Feministe,
I’m glad and eager to be reporting for my guest blogging duties and writing the obligatory introduction post.
My name is Lisa (formerly known as and using the pseudonym (“Sudy”) and I blog at My Ecdysis (formerly A Womyn’s Ecdysis) which is the harbor to my feminist ships, all my thoughts exploring the limitless waters of feminisms, equality, psychology, and self.
I’m a writer, not so much a blogger. The distinction between the two, for me, is that bloggers (at least, the bloggers I really respect and follow) are terrific at engaging and responding to their comments. Bloggers are those that frequently dialogue and interact with their readers.
I am a memoirist, an essayist, a poet. I write for the sake of writing. I write for the sake of revelation. I write for catharsis. I write to get a better grip on reality.
I’m more of a writer that uses a blog. See the distinction?
I use my blog for those reasons. I sometimes comment and engage, but oftentimes, I let it be. I let comments sit and soak for awhile. Contemplative writing is more my practice than reactionary-based blogging. Or, quite simply, I write as an offering. Nothing more, nothing less.
And it is with that that I share my “rules.”
I welcome dialogue and challenge, but that looks different for a personal essay than when you challenge, say, a post about the Hyde Amendment.
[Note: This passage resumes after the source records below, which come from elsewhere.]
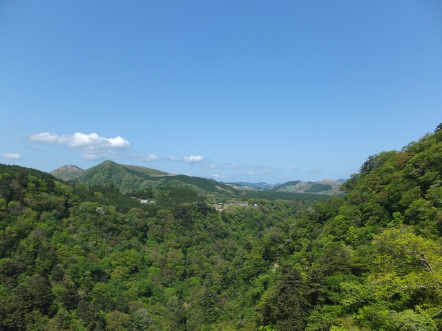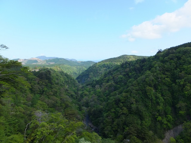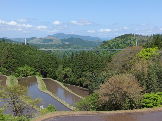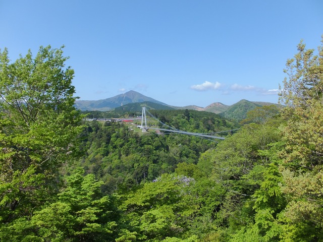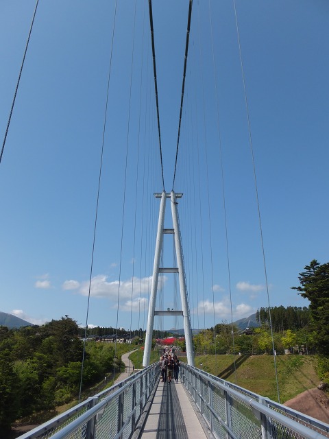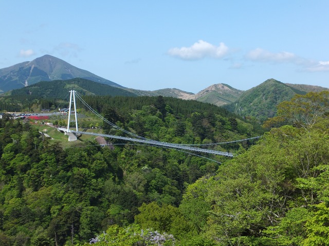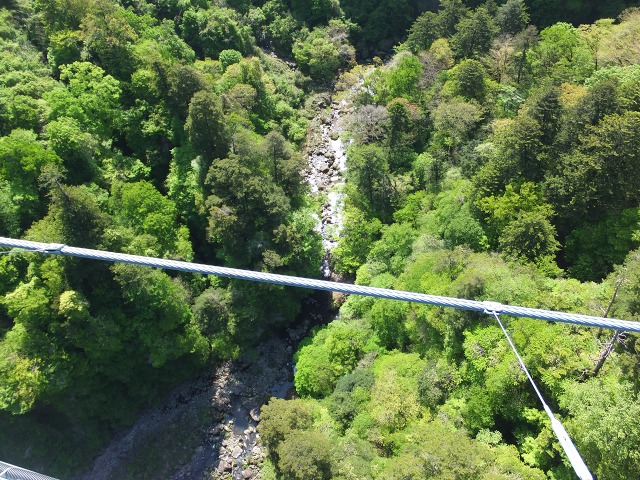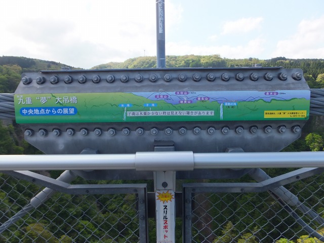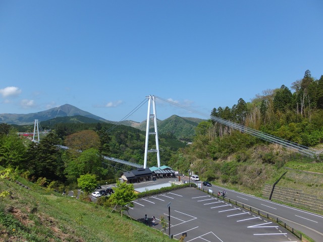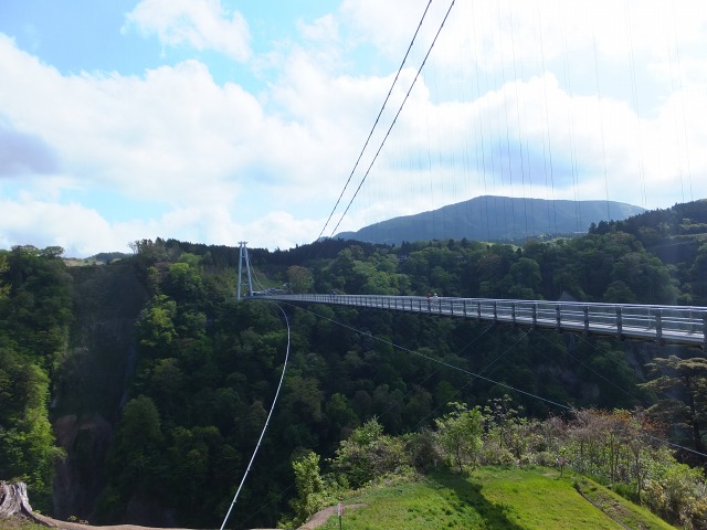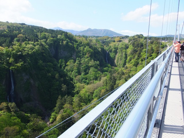 大分県 九重町にある吊り橋です。 歩行者専用吊り橋では、高さ長さが日本一です。 橋からは日本の滝百選の震動の滝や、九酔渓の美しい紅葉を眺める事が出来ます。 標高777mの所にあり、高さ177m(水面より)、長さ390m、主塔高さ43m、幅員1.5mです。 設計耐荷重は117tあるようです(大人65kg×1800人) 2004年に着工し2006年10月に開通しました。総工費は20億円だそうです。 開通したのが紅葉の時季と重なった為、9日間で10万人が訪れ、24日後に年間目標の30万人を達成しました。 さらに半年弱で100万人も達成しています。 その後も順調に入場者数は増え2015年6月に900万人となっています。 傘をさしての通行は出来ません。天候不良の時は注意が要ります。 両側にゲートが有り、入場後は反対側を一度だけ出入り出来ます。入場時に押印されます。 ゲート内に居る間は橋を何回でも通行可能です。 |
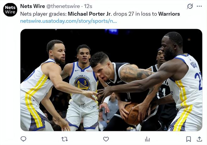 12月26日,NBA记者埃文-斯迪瑞报道,雄鹿、活塞、勇士等多支球队有意交易得到小迈克尔-波特。篮网希望在波特的交易中获得一个未来首轮签作为回报,勇士球迷们都憧憬着波特加盟的场景,毕竟本赛季波特是场均25.8分7.4篮板+三分命中率40.4%的出色锋线。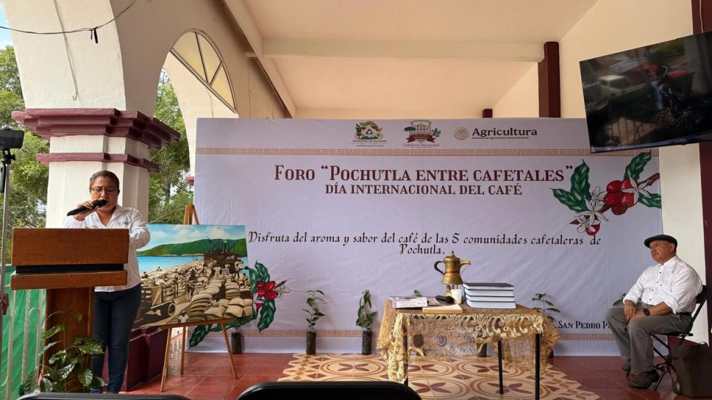 San Pedro Pochutla, Oax.- El H. Ayuntamiento de Villa de Tututepec, a través de la Dirección de Agricultura, formó parte del foro “Pochutla entre Cafetales”, realizado en el marco de la conmemoración del Día Internacional del Café.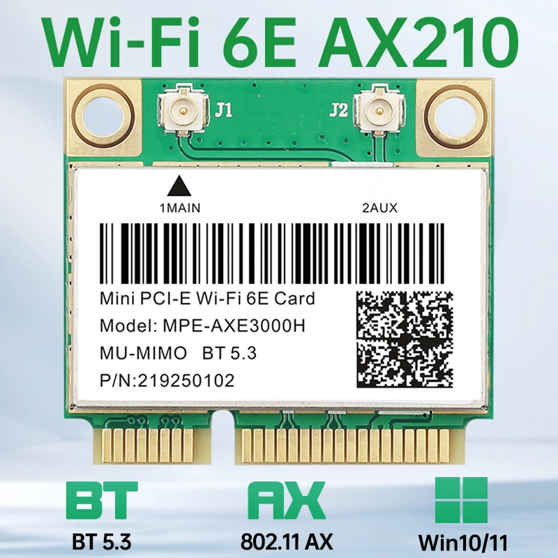 WiFi 6E AX210HMW 미니 PCIE BT5.3 Wifi 카드 Bluetooth 5.3 AX210 네트워크 카드 Win10/11 용 802.11AX 무선 네트워크 어댑터
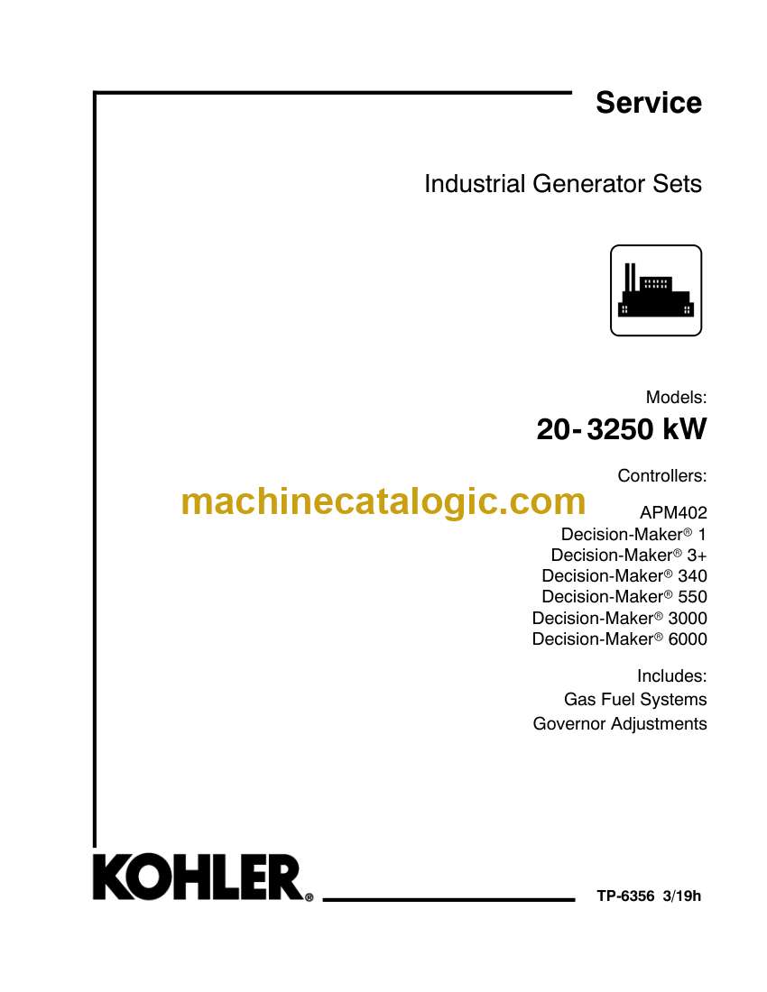 These Kohler industrial generator sets usually sit in plants, data centers, or standby rooms, running hard when the grid drops or the load spikes. This service manual is what I’d keep on the cart when I’m tracing a no-start, chasing an unstable voltage issue, or confirming a governor problem before ordering parts. It walks you through how to logically isolate a fault on these 20–3250 kW units instead of just throwing components at it—for example, when the set won’t take load after a long idle period, you can follow the checks to verify controls, fuel, and protection circuits in a sensible order.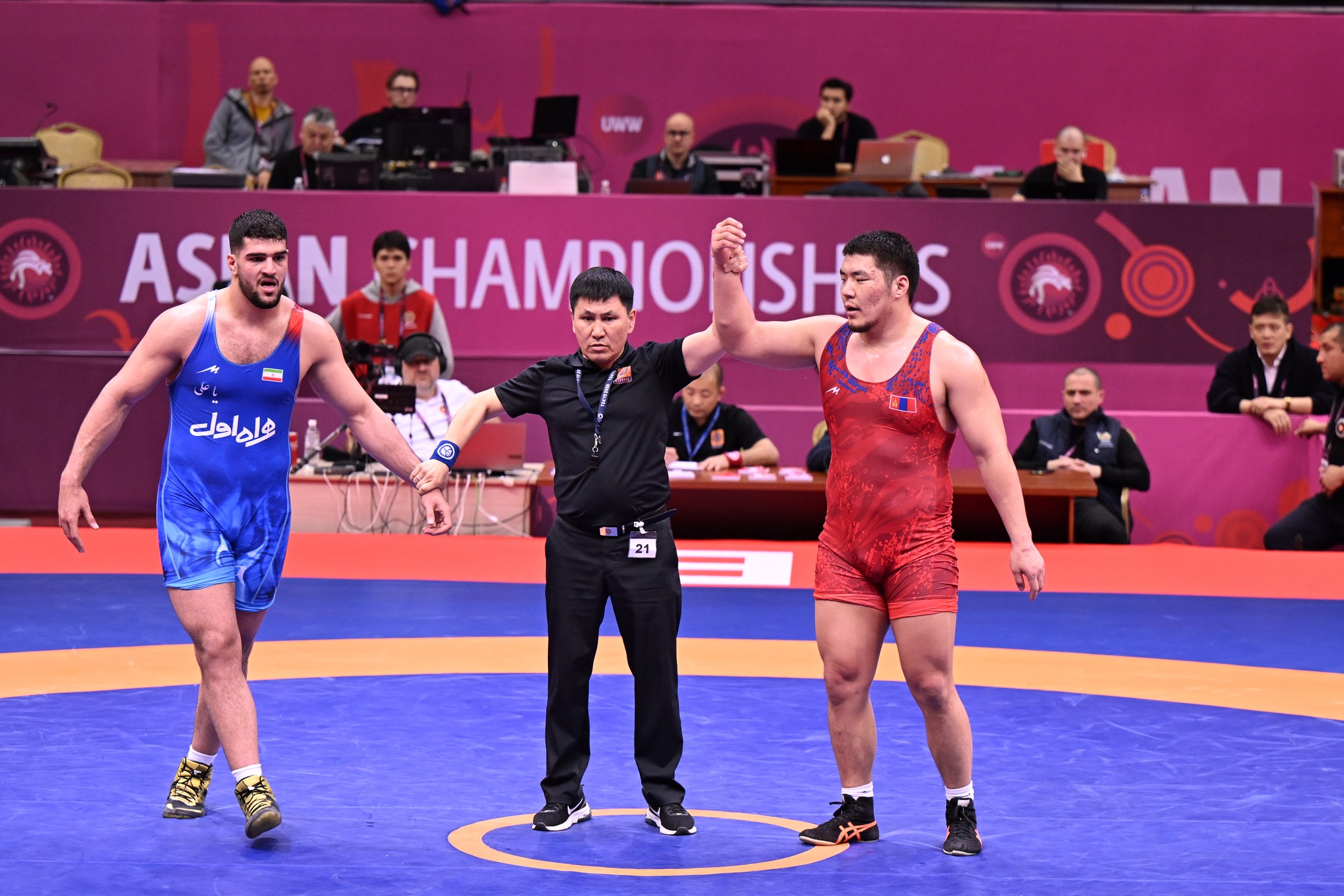 “Астана-2023” Азийн аварга шалгаруулах чөлөөт бөхийн тэмцээний сүүлийн өдөр 125 кг-ын жинд ДАШТ-ий мөнгө, хүрэл медальт, гавьяат тамирчин Мөнхтөрийн Лхагвагэрэл хагас шигшээд сүүлийн хоёр жил U17, U20, U23 насны дэлхийн аваргад түрүүлээд буй Ираны залуу од Амирреза Фардин Масуми Валадитай хүч шавхсан барилдаан хийлээ.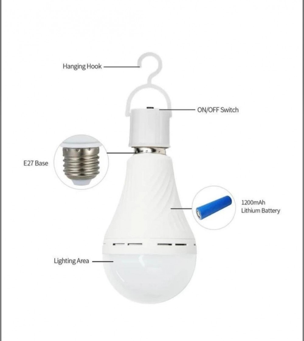 Лампа аккумуляторная 1200 mAh 9 Вт E27 В 4100 К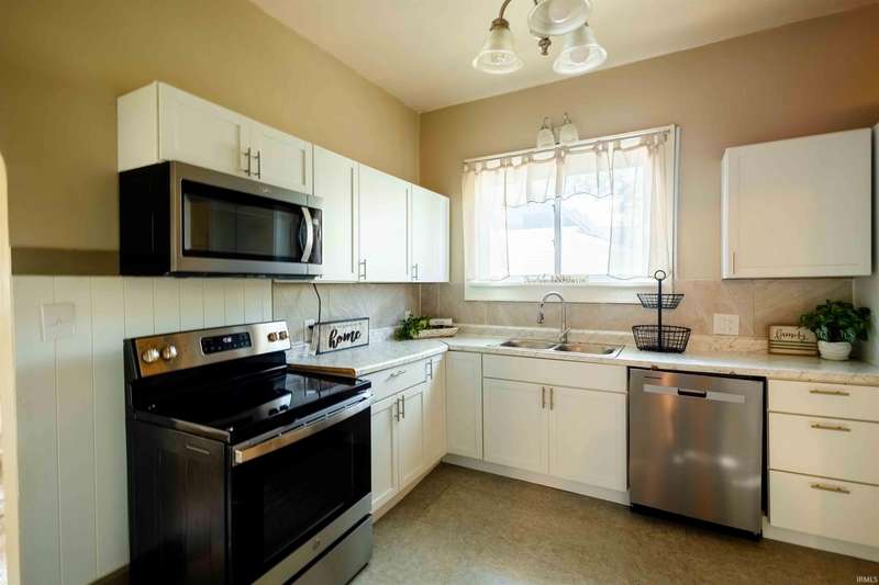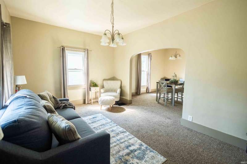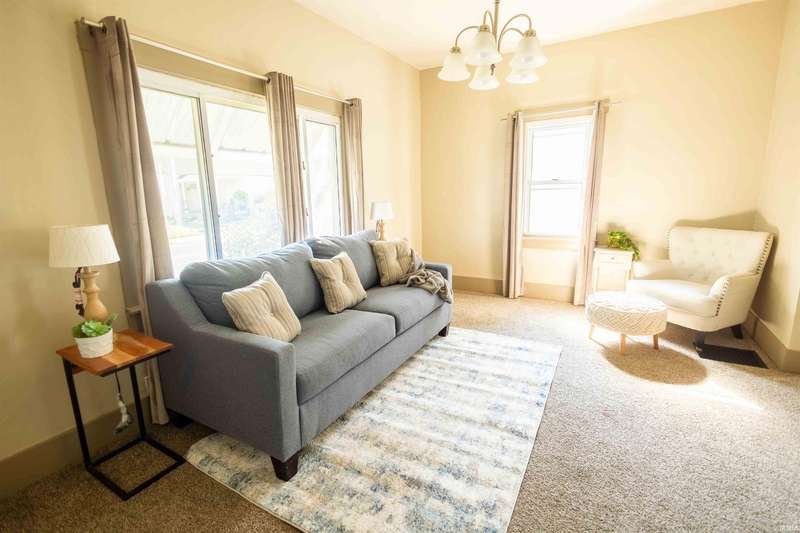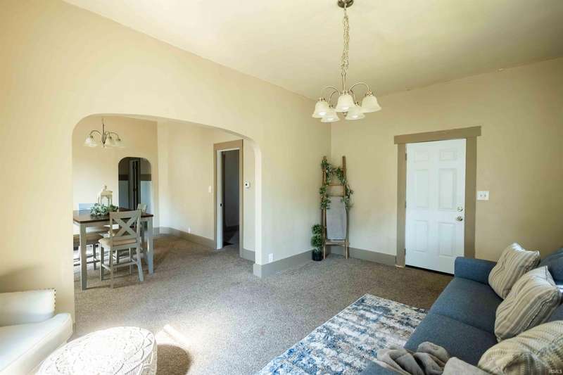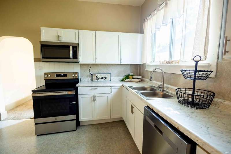 WELCOME HOME to your TWO bedroom, ONE bathroom adorably renovated ranch! Stroll up the sidewalk to find a covered front porch perfect for relaxing and sipping coffee on those crisp Fall mornings. Step inside to be greeted by your living room, which offers lots of natural lighting. Continue on to find your dining area which flows straight into your kitchen. Right off your kitchen, you will find your two bedrooms with a jack and jill bathroom. Through the kitchen to your mudroom and laundry room area you have a back door that leads to your spacious backyard. Backyard offers plenty of room for the kiddos and critters to play as well as a driveway offering plenty of off street parking. Some of the recent updates include: Metal roof, all plumbing in the home and underground from street to alley, complete electrical and wiring, insulation in walls, blown insulation in attic, windows, carpet, kitchen, and bathroom remodeled. Home comes complete with kitchen appliances and an HSA Home Warranty with Buyer Seven Star Upgrade. Utilities available are: Duke Energy, Centerpoint Gas, and Bedford City Utilities. Come check out this adorable and affordable home today!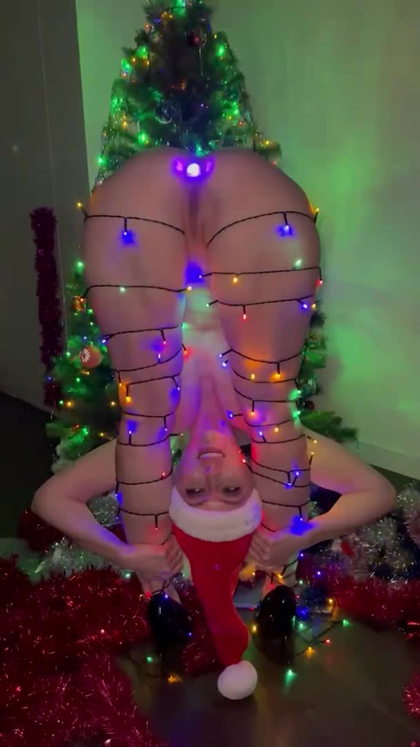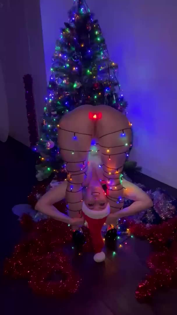 Показала как мигают лампочки на ёлке и на ней.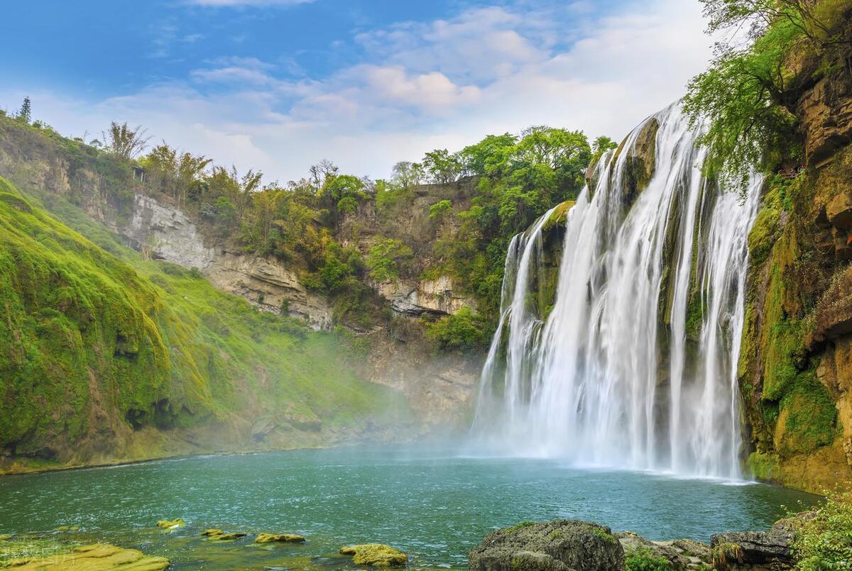 壯,闊,大,在世界偌多知名大瀑布中,不足爲奇。而像黃果樹瀑布這樣,能從上、下、前、後、左、右各方位去觀賞的瀑布就比較少見了。最妙的是,瀑布後的山體上,是一孔天然掏空的幽邃石洞;臨水的洞壁上,有二三豁口,開窗般,框住了瀑布的一截兒。你探頭就能觸着瀑布,伸手就能摸到瀑布,鑽入瀑布的肚子,就能感受它的轟轟心跳。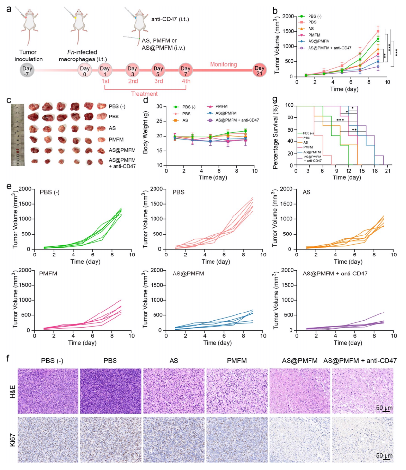 皮下结直肠肿瘤模型的体内抗肿瘤疗效。(a) 体内治疗时间线。(b) 不同治疗组小鼠的肿瘤生长曲线。PBS(−)表示未进行细胞内Fn预感染的PBS处理组。(c) 治疗结束时获取的小鼠肿瘤照片。(d) 不同治疗组荷瘤小鼠体重变化情况。(e) 各治疗组小鼠个体肿瘤生长曲线。(f) 不同治疗组肿瘤组织的H&E染色与Ki67标记图像。(g) 21天周期内各治疗组小鼠的生存率。数据以均值±标准差表示(n=6)。***p<0.001,**p<0.01,*p<0.05。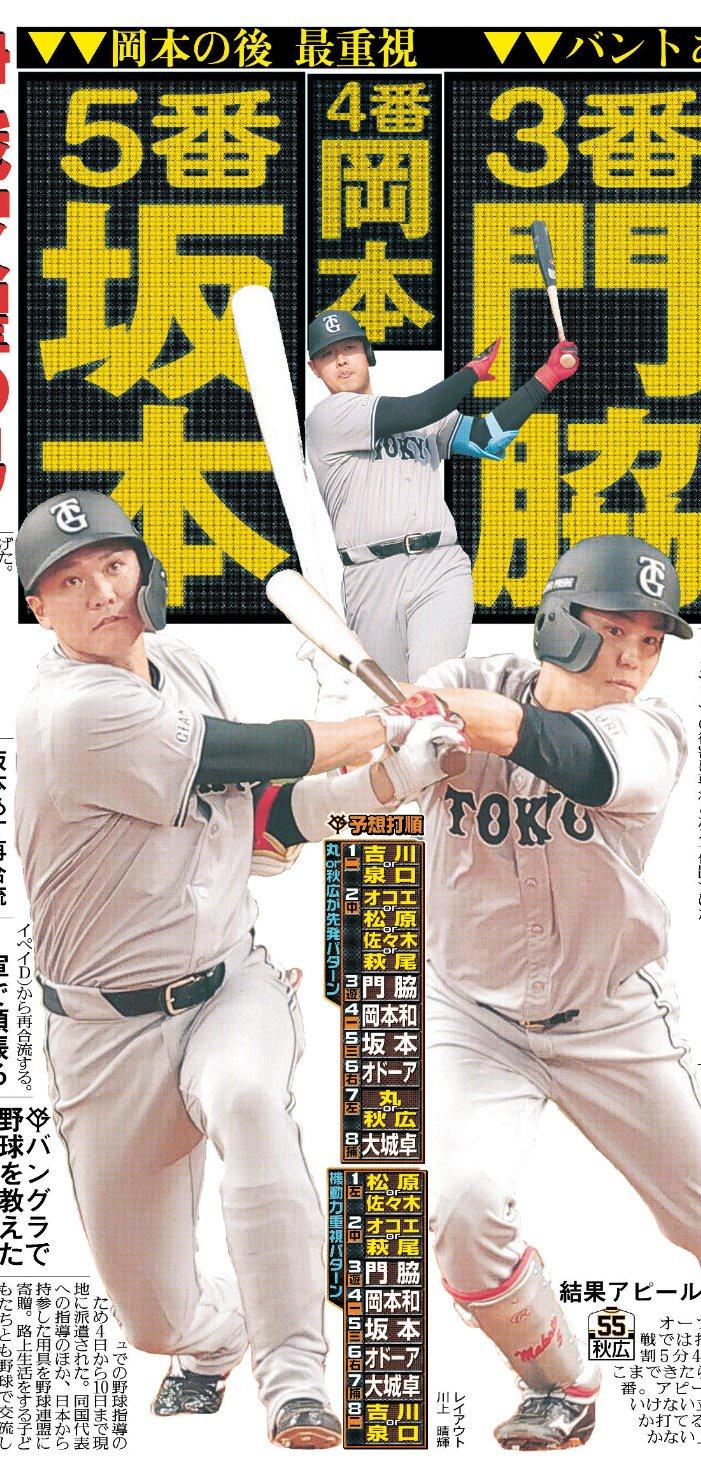 【画像】スポーツ報知、阿部監督インタビューをもとに開幕オーダー予想wwwwww

Meaning, I welcome your words and thoughts, of course, but I may not always choose to engage, answer, or reply. Why? Because personal essay comes from reflective and questioning marrow. Flip comments or derailing questions go over my head and I let them pass. I’m not avoiding, I am just perpetually weighing questions, depth, and time. If that style doesn’t jive with you, hey, I take no offense. Skip, skip, skip to something more your fancy.
I write to offer. Nothing more, nothing less.
Currently, I’m 20 weeks pregnant which means my head is swarming with a lot of thoughts, not a lot of order, and an abbreviated amount of time. So, sometimes my passion radiates deep reds and oranges around my mainstay issues like spirituality, identity, sexual violence, feminisms, radical women of color, and liberation. Or, depending on the swing of the day, I probe into REALLY provocative conflicts like, “Why do so many people tell me about their birthing experiences while I’m grocery shopping, assuming I want to hear their stitch stories while I’m sniffing and weighing a cantaloupe?”
My favorite writing tools are humor, brevity, emotion and exploring conflict.
Here’s some information that I don’t really feel is critical except for the fact everyone asks for demographic-y kind of information once you start posting:
I identify Filipina-American, led by values concerned with social justice, transnational feminisms, and perfecting the definition of radical love. I’m a freelance writer and photographer and am a sections editor for (HOLLA!) make/shift magazine. To pay bills, I use my over-educated mind in the non-profit sector after breaking my addiction to academia and the university scene.
Did I mention that brevity is one of my favorite writing tools?